Thursday, August 04, 2011

Brecht's Mistress by Jacques-Pierre Amette (The New Press 2003)


There was a welcoming speech in the hotel salon. As they thanked him for being there, Brecht drowsed and his mind wandered; he was thinking of a very ancient German folk-tale that he'd read at school in Augsburg and later remembered during his stay in California. A serving girl had noticed a familiar spirit sitting near her by the hearth; she'd made room for him and chatted to him during the long winter nights. One day, the serving girl asked Little Heinz (the name she had given the spirit) to show himself under his real identity. But Little Heinz refused. Finally, as she persisted, he agreed and told the serving girl to go down into the cellar, where he promised to show himself. The serving girl took a torch, went down into the vault and there, in an open barrel, she saw a dead child floating in its own blood. Many years before, the serving girl had secretly given birth to a child; she had slit its throat and hidden it in a barrel.
Helene Weigel tapped Brecht on the shoulder to bring him out of his torpor - or rather, his meditation. He sat up straight, put on a brave face and reflected that Berlin was a barrel of blood, that Germany, ever since his teens, at the height of the First World War, had also been a barrel of blood and that he was the spirit of Little Heinz.

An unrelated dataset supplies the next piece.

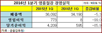 영흥철강(대표 김익중)은 올해 1분기 영업이익이 800만원으로 전년 동기 대비 99% 감소했다고 16일 밝혔다.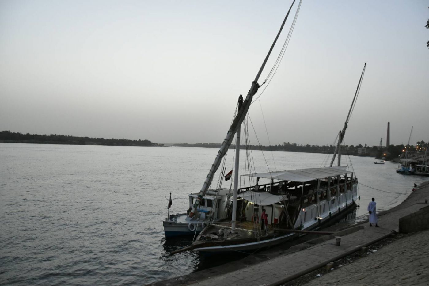 คณะทัวร์เราเดินทางไปยังที่ที่เราจะพักกันในคืนนี้ รถค่อยๆจอดที่ถนนเส้นหนึ่งริมฝั่งแม่น้ำไนล์ มีเรือลำใหญ่ๆจอดเทียบท่าอยู่สองลำ นี่แหละที่พักของเราในค่ำคืนนี้!

There had been bloodshed in the streets of Munich, and modern Germany had been swamped in the rivers of blood that flowed through the old Germanic folk tales. He had come back into the cellar and what he now wanted was, with his modest reasonableness, to pull the child out, educate it, and wash away with cold water the blood that still lay on the cellar flagstones. Goethe had down the same with his Faust, Heine with his On Germany; but the stain was now bigger than ever; Mother Germany was half-drowned in it.